On June 20, 2011, the manager called Plaintiff and informed her that the hours she had requested were not available, and that the only available hours were noon to closing. Surreply Ex. B at 1. The following day, Plaintiff visited the store and told the manager that she was "willing to work out [her] hours." Id. At that point, the manager informed Plaintiff that the position had been filled. Id. Plaintiff alleges that although no derogatory remarks were made during her conversations with the manager, Surreply 11, she claims that the manager was lying about the position being filled, as the store was still taking applications and was continuing to conduct interviews every week, and that the manager used that reason "to protect herself." Id.; see also Ex. B at 1. Plaintiff alleges that "if [her] hours were the only problem[, the manager] should [have] accommodate[d] [her] hours," and that she "was willing to work from 4-9 pm, if [the manager] needed personnel for closing." Surreply Ex. B at 1. Plaintiff further alleges that stores such as Guess "prefer[] college[] students and younger applicants to compete with the market strategies." Surreply 11. Additionally, Plaintiff claims that she was over-qualified for the positions available at Guess, as she previously worked as a manager and had training in customer service and retail. Surreply Ex. B at 3.

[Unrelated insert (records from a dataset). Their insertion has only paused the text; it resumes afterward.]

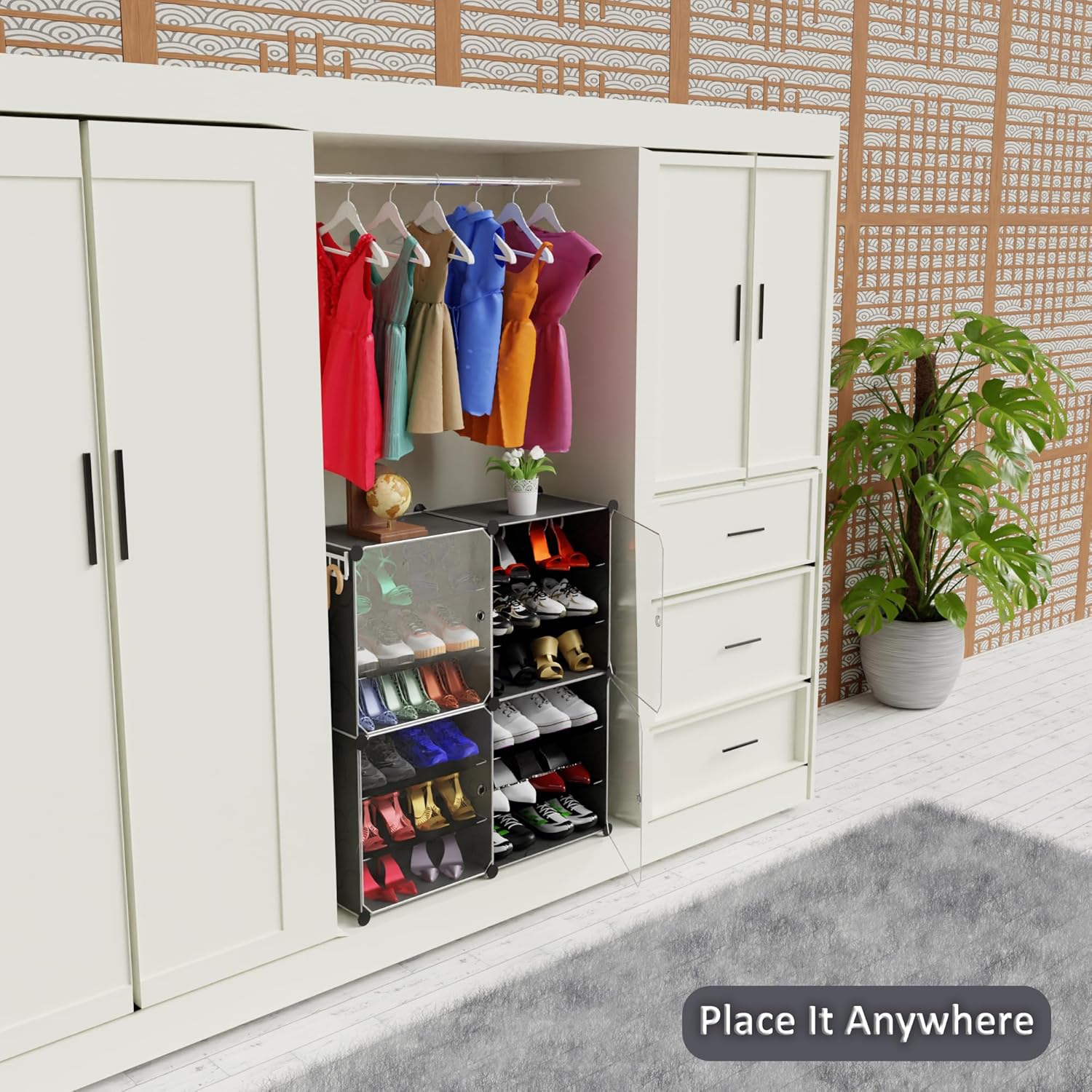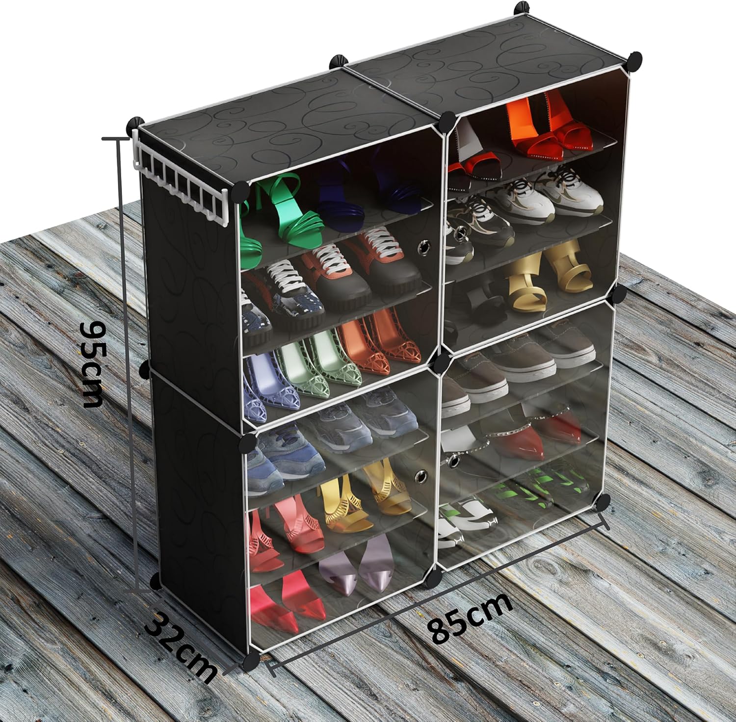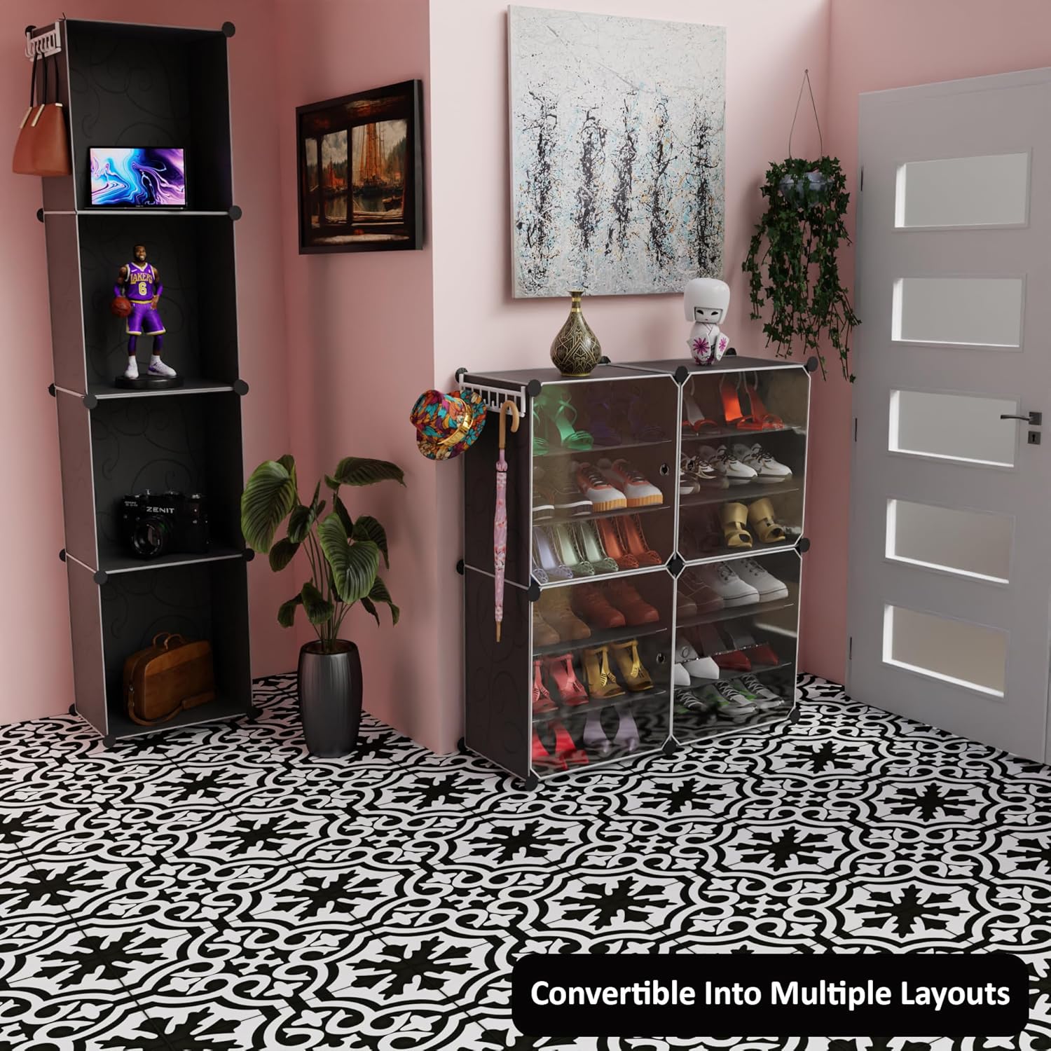 Clothes & Shoes Cabinet for Closet and Entryway, Convertible Portable, Strong Lightweight, Wardrobe Storage Box (4 Cubes, Black)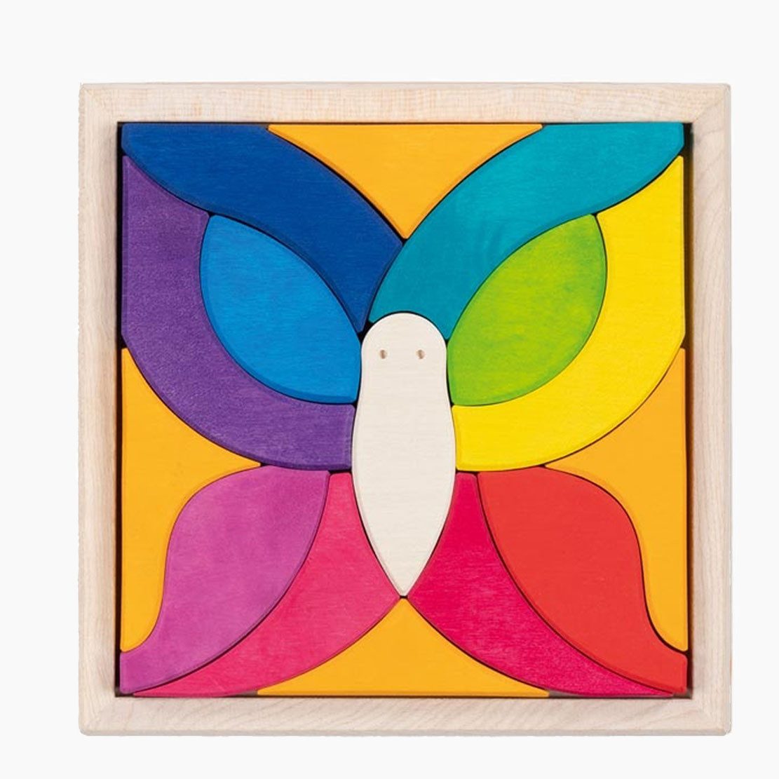 Das Baustein-Set Schmetterling Mariposa von goki evolution eröffnet Kindern ab 2 Jahren eine fantasievolle Welt aus Farben und Formen. Die elf harmonisch abgestimmten Bausteine fügen sich in einem Holzrahmen zu einem farbenprächtigen Schmetterling zusammen – doch das ist nur der Anfang. Türme, Landschaften, Tiere oder ganz eigene Figuren: Dieses Set lädt zum kreativen Entdecken ein.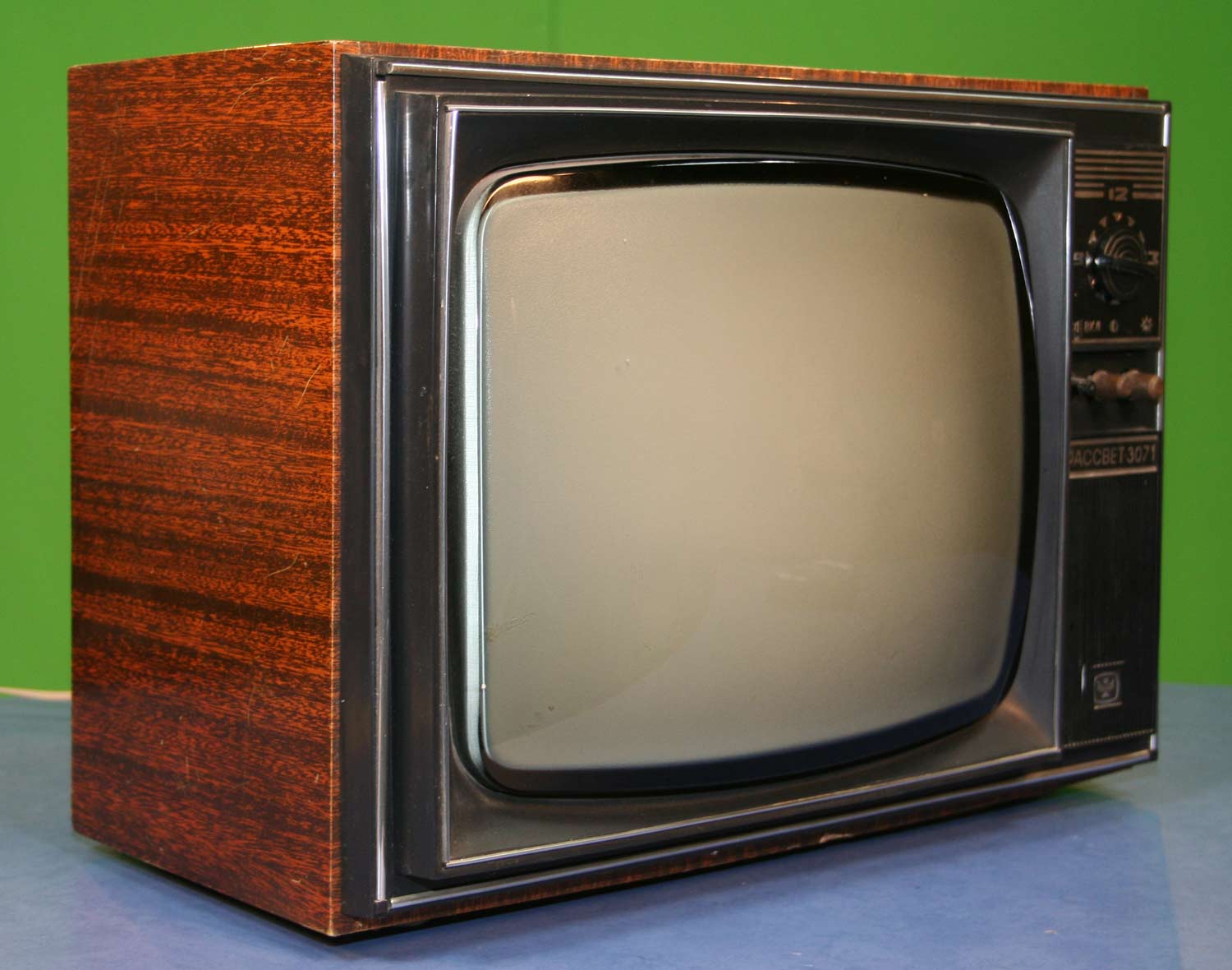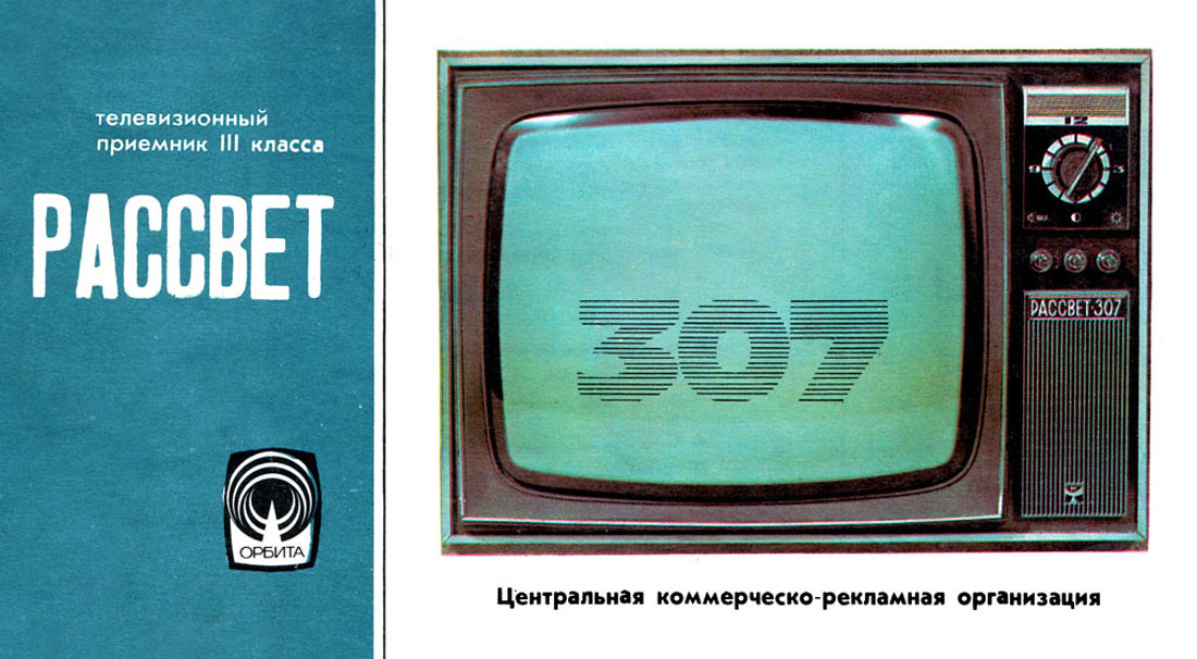 Телевизор *Рассвет-307* с 1975 года выпускал Красноярский завод телевизоров. В годовщину 20-летия основания сборочного цеха завода в производство запущена опытная партия нового унифицированного лампово-полупроводникового телевизора **Рассвет-307**. Массовый выпуск начался с 1977 года. Телевизор рассчитан на приём в любом из 12-ти каналов МВ диапазона, а при установке селектора СКД-22 и в ДМВ диапазоне. Всё детали для этого, кроме селектора в телевизоре установлены. Установлен кинескоп 40ЛК6Б. Чувствительность телевизора 110 мкВ. Разрешающая способность 500 линий. Номинальная выходная мощность 0,5 Вт. Потребляемая мощность 140 Вт. Размеры ТВ 520х420х390 мм. Масса 24 кг. Новый телевизор **Рассвет-307-1** УЛПТ-40-III-1 выпускаемый с 1982 года практически не отличается от описанного. Всего за годы выпуска телевизоров **Рассвет-307** и **Рассвет-307-1** выпущено около 8 миллионов экземпляров.
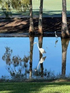 Mary and I got to meet with Robin one afternoon in his home. Such a treat! We each purchased a book for our husbands for Christmas plus I got one for our new neighbors in Naples (one of which also hails from Louisville) who adore birds like we do. My current Florida favorite is the majestic egret. The below pic was taken in our back yard in Naples: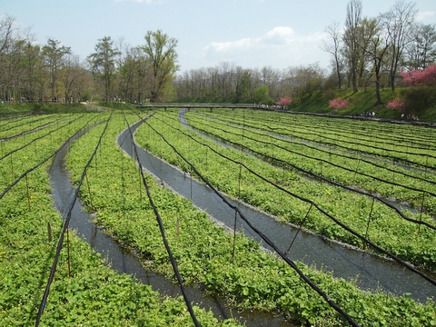 しっかし、さすがにGWの中日。道路は遥か先まで大渋滞!!その大変な様子を尻目に、私ら自転車族は軽快に走り抜けて、駅から15分くらいで「わさび農園」へ。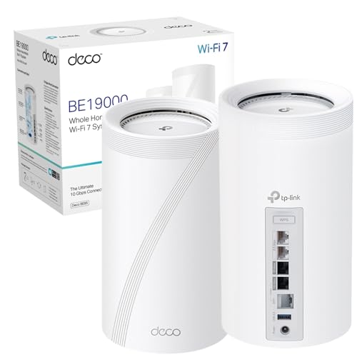 TP-Link Deco BE85(2-pack) Tri-Band BE19000Mbps Whole Home Mesh WiFi 7 System, Quad-Core CPU WiFi Extender Booster, Ultra-Fast 2x 10 Gbps Wired WAN/LAN Ports, 320 MHz Channels, 4K-QAM, HomeShield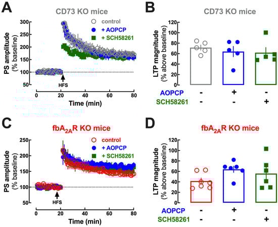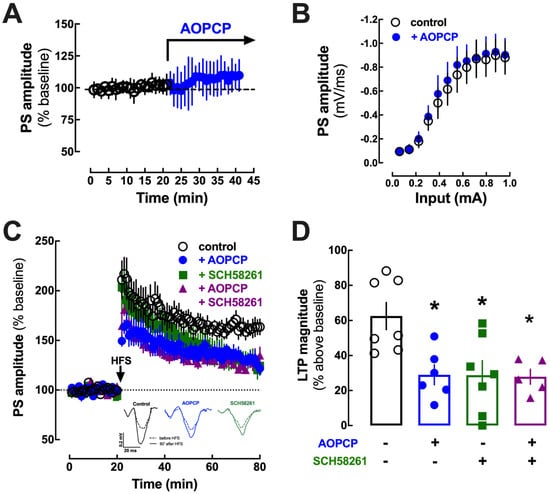 2.2. Inhibition of CD73 Blunts A2AR-Mediated Control of Amygdala LTP

Plaintiff initially filed a petition with the U.S. Equal Employment Opportunity Commission (EEOC). In her response to the EEOC's Supplemental Information Request, attached to her September 27, 2012 letter to the Court as Exhibit B, Plaintiff states that the reason she believes she was not hired because of her race is because Defendant has rotating schedules starting at 5:30 am until 9 pm and she indicated to the manager that she was willing to be flexible about her hours, and that the manager told her during the interview that she would be able to change the hours she had listed on her application. 9/27/12 Letter Ex. B ¶¶ 10-11. Plaintiff states that the reason she believes she was not selected because of her age is because most of Guess's employees that Plaintiff saw working at the store were much younger than her, except for the head manager who she believes was around her age. Id. ¶ 12. In her opposition papers to the instant motion, Plaintiff further alleges that a majority of the applicants for the job were younger than her, and that she "believe[s] most of them were hired." Pl.'s Mem. L. 6. The reason Plaintiff believes that she was not hired because of her religion is that she indicated on her application that she was not available to work on Sundays, as she assists and sings at Church that day. 9/27/12 Letter Ex. B ¶ 13. In response to the EEOC's inquiry regarding her belief that she was not hired because of her color, Plaintiff states that she does not know whether any of the other white, black or Hispanic individuals who were at the group interview were hired, but that she noticed that the interviewer "did not click with [her]" and that she was more interested in the people, rather than their experience. Id. ¶ 14. Plaintiff further states in her response to the EEOC's Supplemental Information Request that the reason she believes she was not selected because of her national origin is that the manager was Italian, and she has "hear[d] rumors [that] some Italian[s] [do not] like Hispanics." Id. ¶ 15.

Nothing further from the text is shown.